Let's practice interacting with Hashes (key-value pairings) by writing a program that creates hashes, stores data in hashes, retrieves data from hashes, and prints the contents of a hash.
Take a look at mood-analysis.rb.
Explain what is happening on each of the following lines in the code.
Line # | What's happening? |
---|---|
1 | Creating a constant and assigning it a hash value |
2 | Setting happy symbol as key and assigning as value an implicit array with three strings |
3 | Setting sad symbol as key and assigning as value an implicit array with three strings |
6 | Defining a method called analyze_mood where we pass an argument locally called words |
7-8 | Setting happy and sad variables to 0 |
9 | Transforming whatever is passed as an argument to downcase |
10 | Splitting into separate elements when there is a space. Looping through each element. |
11 | Checking if the word we are looping through is contained in the FEELINGS constant with the happy key |
12 | if so, assign a value of plus one to the happy variable |
13 | Checking if the word we are looping through is contained in the FEELINGS constant with the sad key |
14 | if so, assign a value of plus one to the sad variable |
17-19 | Returning a happy or sad face depending on what variable has greater value or a neutral one if they're equal |
What's the Data Type of the following?
Code | Data Type |
---|---|
FEELINGS | hash (constant) |
:sad | symbol |
happy | fixnum (variable) |
words | string (argument: whatever is passed) |
words.split(" ") | array of strings (the result of an enumerable method) |
FEELINGS[:sad] | array of strings |
FEELINGS[:happy].include? | boolean |
analyze_mood(text) | string (method with one required argument) |
Question | Answer |
---|---|
Why do we need line 9? | To make sure we can compare strings even if entered with different capitalization |
What is the relationship between words and word (line 10)? |
word is each element of the array once words is split |
Why doesn't line 19 have an associated if/condition? | There is only one alternative left |
What is the relationship between text[0] , text[1] , and words ? |
they are the value passed as arguments locally called 'words' inside the method |
- Replace lines 31 and 32 and write a loop to print out each day and the emoticon that is associated by analyzing the mood of that day.
Your result will look like:
03/01 :-(
03/13 :-|
...
text.each do |words| puts words[0..4] + " " + analyze_mood(words) end
think: Why does 03/13 come out as sad when it should be happy? How could we fix this? A: The method is not matching the happy words correctly because of the exclamation mark. A: The method could exclude exclamation marks before splitting into words.

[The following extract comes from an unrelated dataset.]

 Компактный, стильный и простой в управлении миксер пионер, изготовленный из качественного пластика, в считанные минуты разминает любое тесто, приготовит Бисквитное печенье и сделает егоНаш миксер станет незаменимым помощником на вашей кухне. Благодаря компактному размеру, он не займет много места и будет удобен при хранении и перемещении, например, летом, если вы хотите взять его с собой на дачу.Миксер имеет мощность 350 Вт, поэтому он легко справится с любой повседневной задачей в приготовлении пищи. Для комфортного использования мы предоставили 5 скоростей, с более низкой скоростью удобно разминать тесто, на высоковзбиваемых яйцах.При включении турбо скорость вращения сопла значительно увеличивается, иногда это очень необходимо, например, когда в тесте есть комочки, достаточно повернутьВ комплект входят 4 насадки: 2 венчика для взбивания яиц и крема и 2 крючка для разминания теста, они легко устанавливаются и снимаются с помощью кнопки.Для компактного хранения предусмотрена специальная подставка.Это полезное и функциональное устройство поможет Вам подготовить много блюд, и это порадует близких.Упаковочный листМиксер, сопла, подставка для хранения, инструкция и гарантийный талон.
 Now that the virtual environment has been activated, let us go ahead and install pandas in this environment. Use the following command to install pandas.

- To make the results a little more accurate, let's write and utilize a method called
strip_punctuation
to strip out the punctuation that affects the results. Namely, remove exclamation marks (!), periods (.), commas (,), and hashtags (#).

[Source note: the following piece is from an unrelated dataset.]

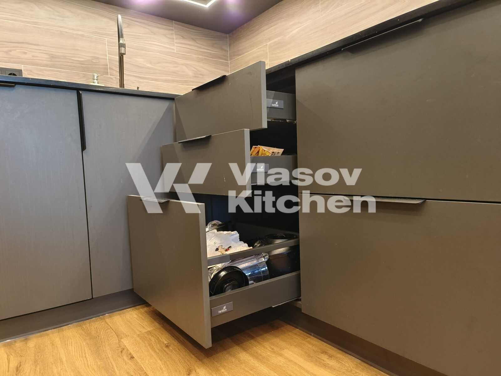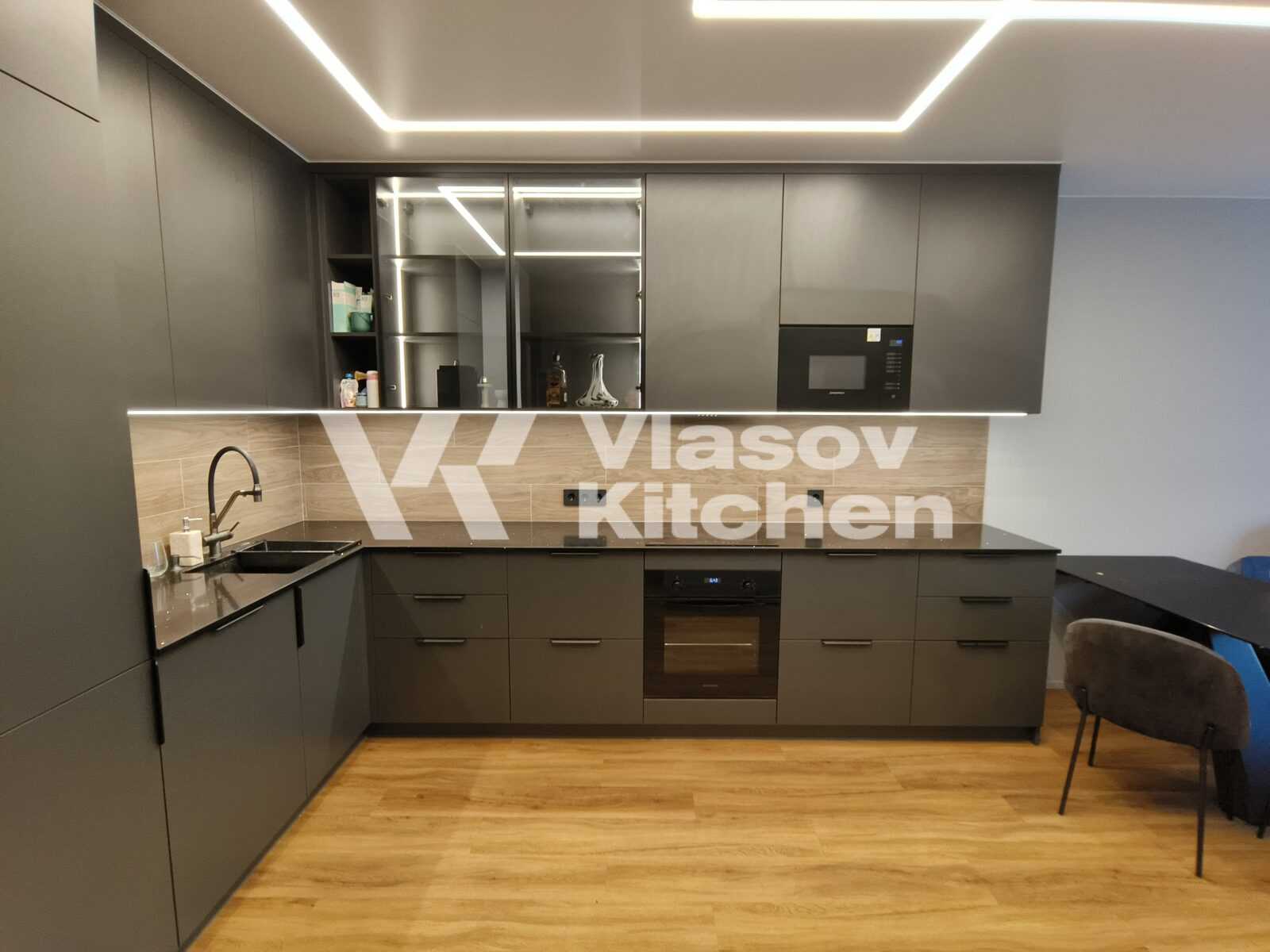 Угловая матовая серая кухня в ЖК "Парк Челюскинцев". Заказать кухню в Минске. Кухни на заказ Минск

Your method should take a string as an argument and return the string without the above mentioned punctuation.
After writing this method, our new result should be:
03/01 :-(
03/13 :-)
...
think: Where should we call strip_punctuation
? Does it matter? Why?
A: We have to call it inside the method analyze_mood before we do the word by word comparison so that it can accurately compare words without the punctuation.
- Write a method called
happy_days
to determine how many logged entries it takes until there have been three :-) happy days.
Your output could be something like:
It takes 5 entries for 3 happy days to occur
think: What are you going to do if there aren't at least 3 happy days? Where do you need to handle that case? A: My method returns a statement saying that it didn't find 3 happy days. A: It is handled inside the happy_days method after the loop ends (meaning it never returned the other statement).
- Write a method called
overall_mood
to determine the most common mood across all logged entries.
Your output could be something like:
The most common mood is :-)
think: What if we eventually want to add feelings to our analysis? Can we write this code in a way that will prevent us from having to re-write it later? think: Should you use an array or a hash to solve this problem? Why? A: The analyze_mood method should be re-written so that we could loop through all the feelings, and we would have to have a counter inside the data structure to keep track of how many words matched in the entry. A: I think a hash with values as arrays would work:
FEELINGS = { happy: [%w(yay good great), 0, ":-)"], sad: [%w(terrible awful horrible), 0, ":-("] }
def analyze_mood(words) words.downcase! words_stripped = strip_punctuation(words)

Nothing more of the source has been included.